Quando lo concepì originariamente lo pensò così, in Stop-Motion, ma a causa dei limiti imposti a quel tempo dal denaro da investire ne fece un cortometraggio in live action.
Victor Frankenstein, un bambino apparentemente spaesato e introverso riporta in vita il suo compagno di giochi Sparky, un graziosissimo bull terrier devoto e affettuoso che muore accidentalmente investito da un’auto. Questo importante esperimento e la scoperta dell’immortalità attrarrà un gruppo di compagni di classe che tra sgomento, spavento e curiosità cercheranno di imitare il visionario genietto… ma il risultato non sarà così mostruosamente positivo.

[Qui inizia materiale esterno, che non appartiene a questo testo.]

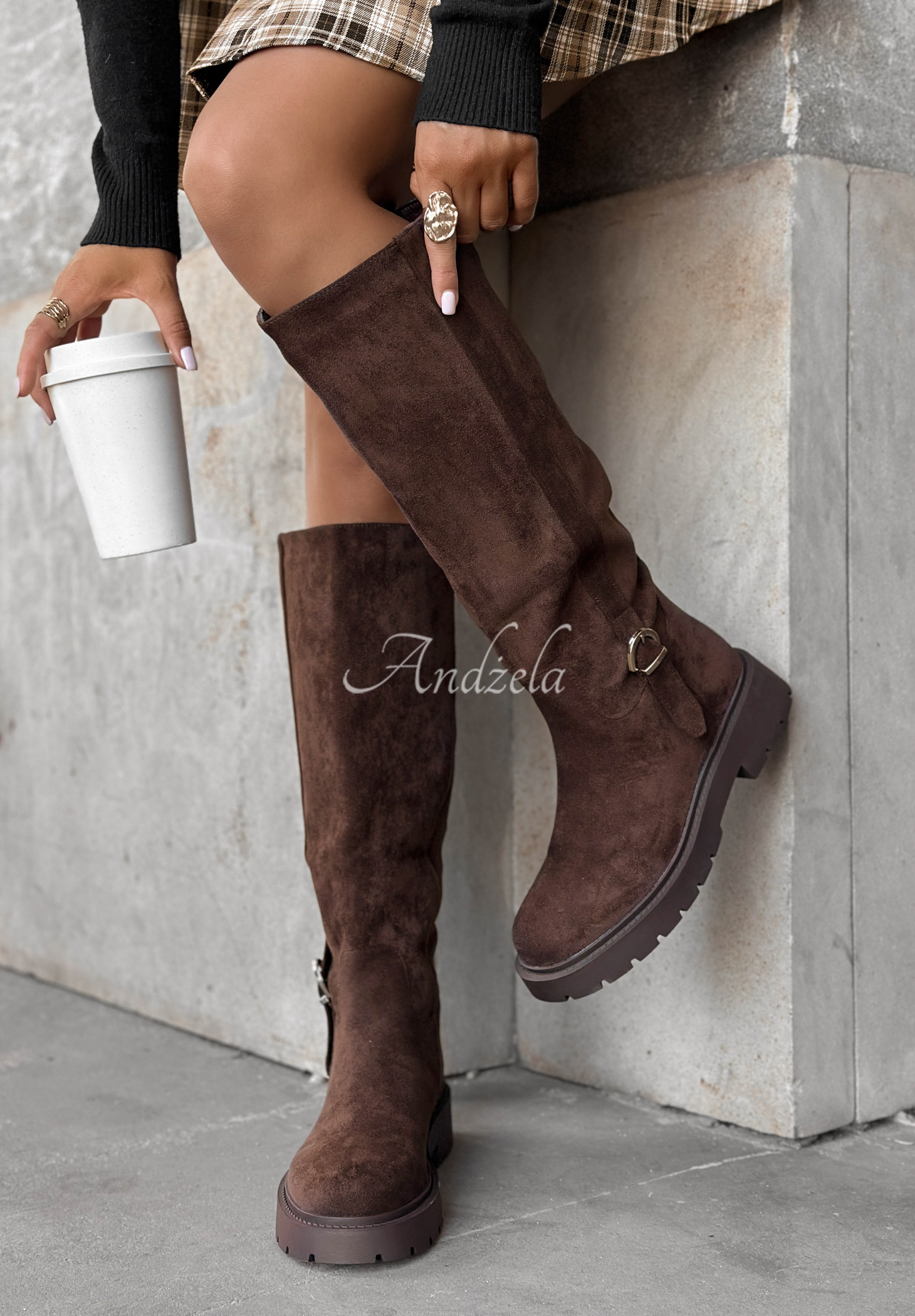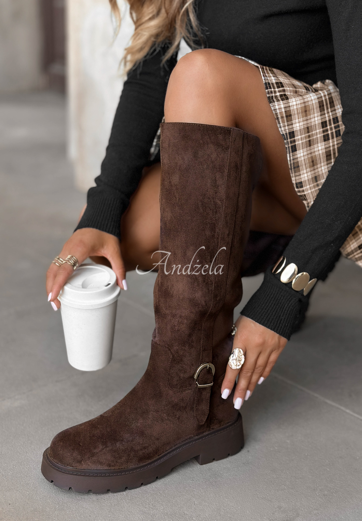 Cizme lungi, ușor călduroase, confecționate din imitație de piele întoarsă. Modelul are închidere cu fermoar pe partea interioară, vârf ușor rotunjit și un detaliu decorativ argintiu.

L’energia, l’entusiasmo di Sparky in contrapposizione all’avidità e al banale conformismo: tutto questo è Franknenweenie, un clamoroso percorso all’indietro che Tim Burton fa compiendo un viaggio alle origini della sua creatività. Innanzitutto una tecnica a lui congeniale fatta di modellini e ricostruzioni in studio attraverso la quale si può sperimentare realmente la “creazione” della vita stessa.
Questa modalità di animazione ha offerto a Burton la piena libertà di azione: le emozioni suscitate in lui dai film horror anni ’30, in particolare Frankenstein di James Whale, paura, realtà e finzione finiscono per essere messe al servizio del pubblico, palesandole attraverso questa creazione. Potremmo definirla onirica e surreale, forse poco concreta, ma certamente legata ad un giovane ragazzo poco conforme e che giocava nei cimiteri (Burton).
Un film autobiografico insomma, che racconta le passioni e le angosce del regista di Burbank: Sparky rappresenta infatti il superamento di ogni logica di convenzione e apparenza.
Per comprendere fino in fondo l’idea che è sottesa nel film e cosa pensa il regista dei normali e dei conformisti basti notare attentamente il personaggio di Stranella: non si trova a proprio agio con le altre persone, è enigmatica, introversa e con lo sguardo fisso il tutto unito ad una voce mono tono senza nessun tipo di slancio. Un personaggio senz’anima ne spessore che alla fine finisce col creare il più pericoloso dei guai.
Rappresentata con questo color bianco, talmente acuto da esser quasi un’anafora coloristica sottolineante l’essenzialità del personaggio (notare come anche il suo gatto, portatore di sventura, è “tremendamente” bianco e non nero come nell’immaginario collettivo) Stranella non è altro che il piattume della tradizione, la noiosa convenzione sociale. Finta quanto surreale.
Questi gli elementi di un film semplice, genuino, forse troppo breve, ma sicuramente da non perdere.